Dudé un momento pero finalmente y como tenía un trozo de carne que había sacado del freezer esperándome, que si no lo ponía al horno se echaría a perder, le dije que no. Le agradecí y le expliqué la razón que me impedía ir a comer con ellos con la promesa de que le aceptaría una próxima invitación. Pareció contrariado pero aceptó. Dijo que me invitaría para otro día.
- Discúlpeme pero me tomó de sorpresa. Si no hubiese sacado esa carne del frío . . .
- Está bien, está bien, no se aflija que no faltará ocasión
Nos volvimos a estrechar las diestras y el hombre se marchó como había venido.

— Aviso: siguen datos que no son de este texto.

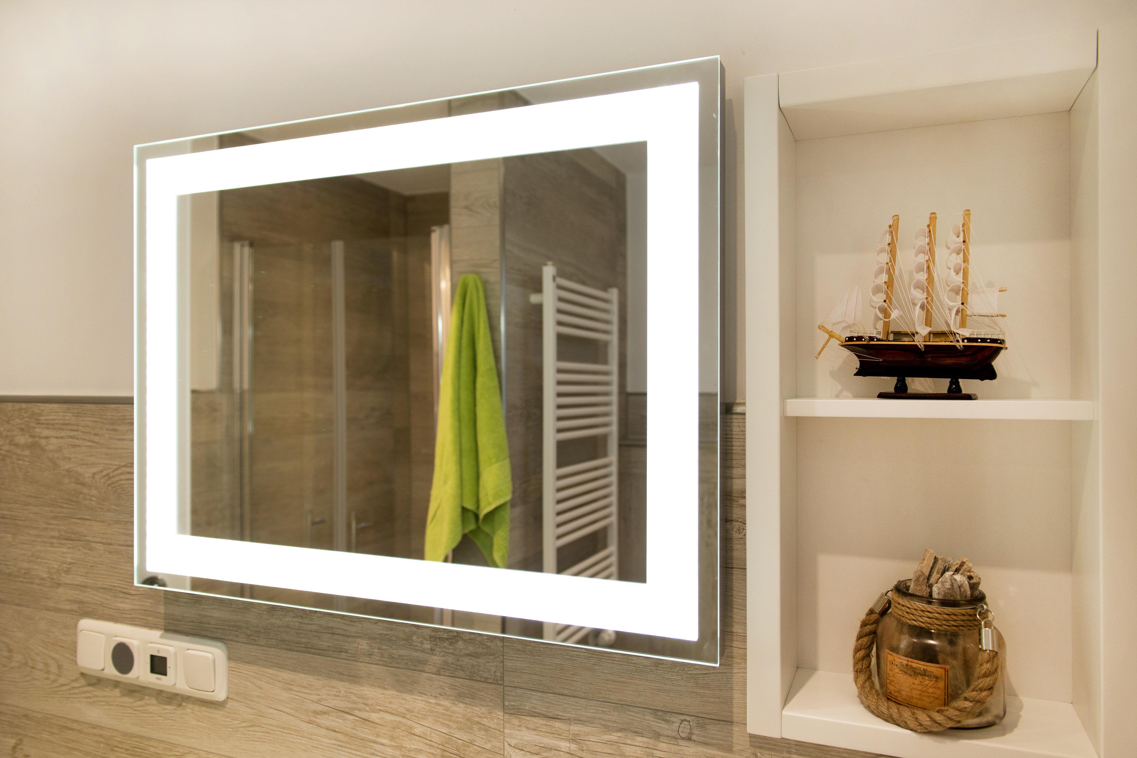 Die beiden Schlafräume sind mit LED-TVs ausgestattet und bieten mit einem Boxspringbett (180 x 200cm) bzw. einem Doppelbett mit verstellbaren Lattenrosten und Matratzen unterschiedlichen Schlafgenuss. In beiden Schlafzimmern steht Ihnen jeweils ein großzügiger Kleiderschrank mit Kofferfach zur Verfügung. Das Badezimmer ist mit einer ebenerdigen Dusche, einem Deckenwärmestrahler, einem Badradio, einem Waschtisch, Kosmetikspiegel, Fön und Handtuchtrockner sowie ausreichender Ablagefläche ausgestattet.
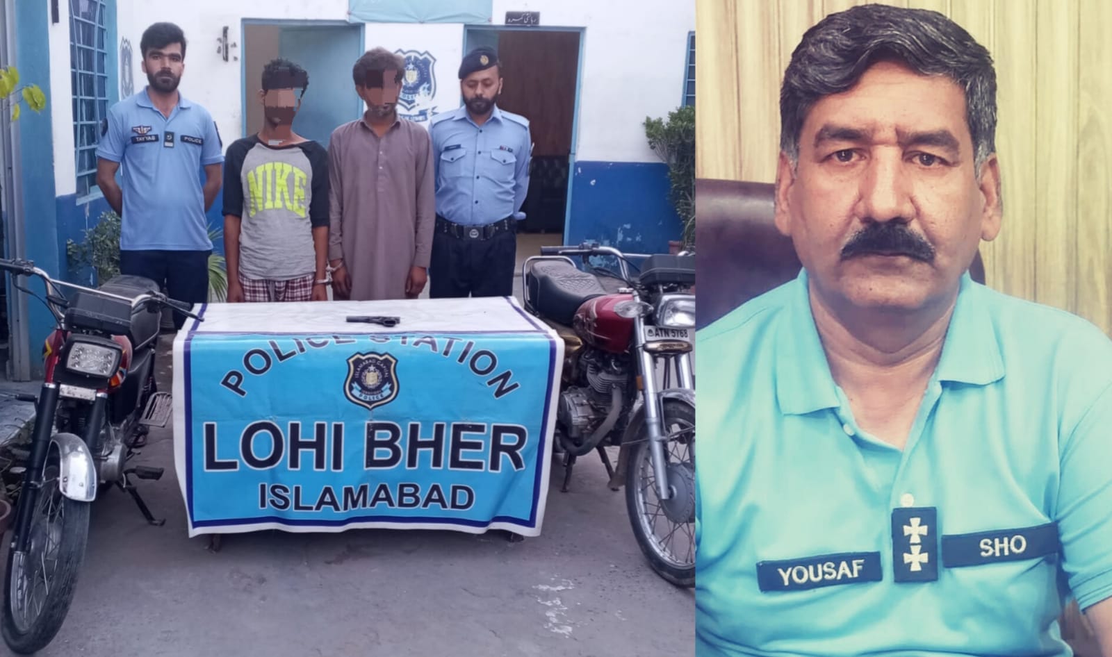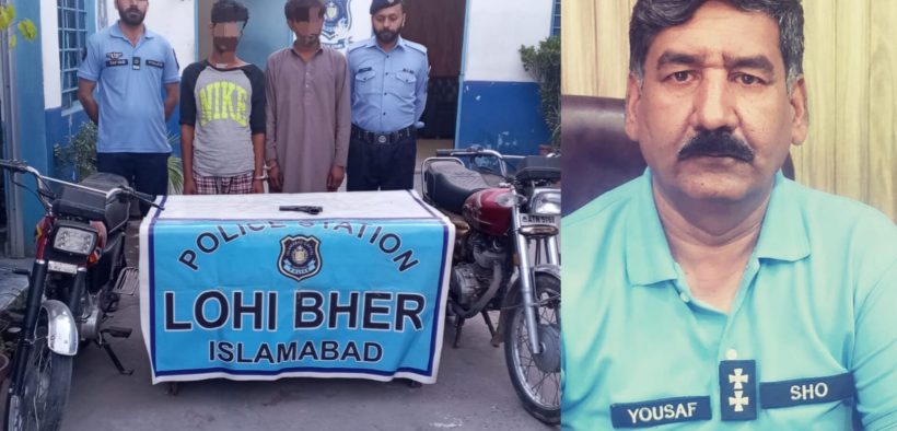 اسلام آباد (ڈیجیٹل پوسٹ) ایس ایچ او تھانہ لوھی بھیر یوسف جٹ کی ہمراہ سجاد احمد ایس آئی ۔انجم نثار ایچ۔سی رحمت ایچ۔سی کے کاروائی ۔ موٹرسائیکل چوری کی وارداتوں میں ملوث 2 افراد گرفتار 02 موٹرسائیکل بمہ پسٹل برآمد مزید تفتیش جاری ۔تفصیلات کے مطابق ایس ایچ او تھانہ لوھی بھیر کی سربراهی میں پولیس نے علاقے میں جرائم پیشہ عناصر کیخلاف کریک ڈاؤن جاری رکھتے ہوئے سجاد احمد سب انسپکٹر نے ہمراہ انجم نثار ایچ۔سی . رحمت ایچ۔سی کے موٹرسائیکل چوری کی وارداتوں میں ملوث 2 رکنی گینگ کو مقدمہ نمبر896/ 26 جرم 381 ۔ 244/26 بجرم 381 کےتحت گرفتار کر کے دوران تفتیش 02 موٹرسائیکل 125 سمیت وارداتوں میں استعمال ہونے والا اسلحہ پسٹل 30 بور بمہ روند برآمد کر لیا جبکہ پولیس کے مطابق گرفتار افراد سے مزید تفتیش جاری ھے ۔ ایس پی سواں زون خرم اشرف نے پولیس ٹیم کو شاباش دیتے ہوئے کہا کہ گرفتار افراد کو ٹھوس شواہد پر چالان عدالت پیش کیا جائے گا ۔

A la tarde el cielo se oscureció y las nubes se agruparon, se levantó un viento muy fuerte y las copas de los árboles comenzaron a inclinarse bajo el peso del viento y de una lluvia descomunal. Tuve que meterme dentro del chalet y cerrar puertas y ventanas. Tenía leña al lado del hogar y encendí fuego porque la temperatura había bajado bruscamente. Los troncos pronto comenzaron a arder y dejaron escuchar pequeñas estampidas y detonaciones. El cielo, igual que la módica hoguera de mi reciente casa, destellaba y dejaba oír desmoronamientos un poco más recios, como de rocas, y los crujidos y chasquidos de los rayos parecían rajar y quebrar la tierra y los árboles.  Anocheció casi enseguida. Explotaban ruidos de todo tipo; el alrededor parecía desmembrarse y despegar partes de la selva y lanzarlas a volar. Aún al cabo de algunas horas el meteoro no cedía y escuché algo así como tambores pero no provenían de la tormenta, tampoco de los troncos que ya ardían con llamas elevadas.- Era algo más que la tormenta y el suave susurro de la leña respirando su oxígeno; golpes secos y cortos que se repetían, pero como de nudillos, no demasiado fuertes, un poco histéricos, que daban contra la puerta. Tuve un presentimiento y no porque estuviera pensando en mujeres aunque el momento se prestara y mi novia estuviese lejos. Abrí la puerta con el vendaval azotando y sí, era una mujer, joven, no pasaría demasiado de los treinta, el pelo largo y revuelto, los ojos, que me parecieron negros o azul oscuro, enfebrecidos y la mandíbula machucada, hinchada, con un hematoma amarronado y tenía también un ojo en compota. Enfundada en una malla enteriza de un color azul tornasolado que destacaba sus volúmenes sinceramente encantadores; los de una silueta fina, como de ecuyere, trapecista o bailarina, estaba frente a mi con la expresión descompuesta y completamente empapada. La apuré para que entrara y cerré la puerta con llave, volví a echar el cerrojo porque la fuerza de la tormenta, los truenos y relámpagos, la violencia del viento y la lluvia, arreciaban y envolvían con un atronador zumbido, como de turbina de avión, los oídos; amenazaban además con echar todo abajo.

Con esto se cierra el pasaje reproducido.